In practice, local data controllers often use cloud service providers due to their superior technical capacity to ensure compliance with data protection standards. As a result, data is frequently stored outside Armenia without contravening existing legal requirements.

Data protection experts have been debating the potential benefits of requiring simultaneous data storage on local servers, particularly to enhance oversight and ensure data availability for local authorities. However, these discussions have not yet resulted in any legal requirement for local storage or mirrored data hosting.

It is important to note that the current Data Protection Law does not preclude the possibility of data localisation requirements being introduced through sector-specific legislation – albeit no such requirements have been established in sectoral laws or regulations.

Blocking statutes are typically designed to protect national sovereignty, sensitive information, and key economic interests. Their main functions include:

• restricting the transfer of sensitive data to foreign jurisdictions, particularly where national security, state secrets, or industrial strategies are at stake; and
• preventing the extraterritorial application of foreign laws by blocking foreign governments or entities from accessing data stored within the country.

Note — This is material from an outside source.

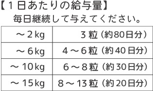 下記の容量を目安に、おやつとして毎日継続して与えてください。 ●ペットの体重が2kgまで 1日あたりの給与量:3粒 ※60g入り1袋あたり約80日分 ●ペットの体重が6kgまで 1日あたりの給与量:4~6粒 ※60g入り1袋あたり約40日分 ●ペットの体重が10kgまで 1日あたりの給与量:6~8粒 ※60g入り1袋あたり約30日分 ●ペットの体重が15kgまで 1日あたりの給与量:8~13粒 ※60g入り1袋あたり約20日分
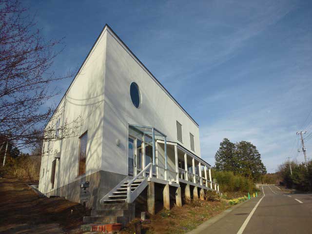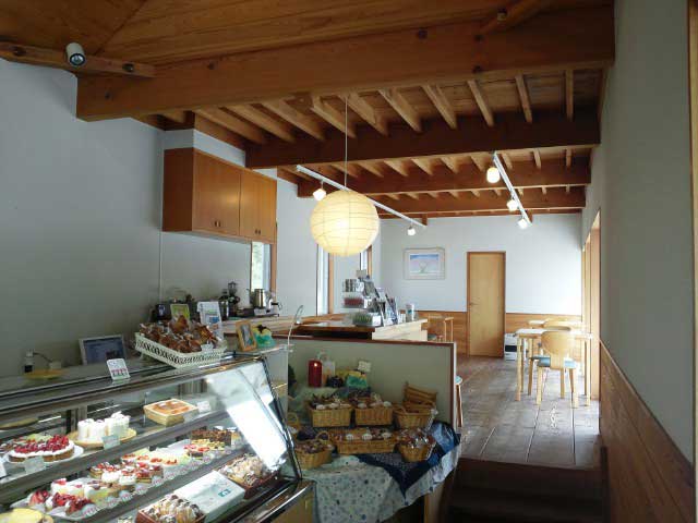 帆船をイメージした個性的な建物のフランス菓子店。あけの金時など旬の地産食材を盛り込んだケーキや焼き菓子が並ぶ。

Although Armenia does not have formal blocking statutes, certain provisions within its Data Protection Law may function as de facto blocking mechanisms, particularly when transferring data to countries that do not meet the required level of protection. Such provisions can serve to protect Armenia’s national sovereignty and security against extraterritorial applications of foreign laws. For example, Armenian entities may resist compliance with foreign data protection requests when they conflict with Armenian legal frameworks or undermine national interests.

Limited developments have been made in relation to regulation of the international transfer of personal data. On 8 July 2024, the PDPA published the most recent list of states with an adequate level of personal data protection. As of now, the list includes 53 states.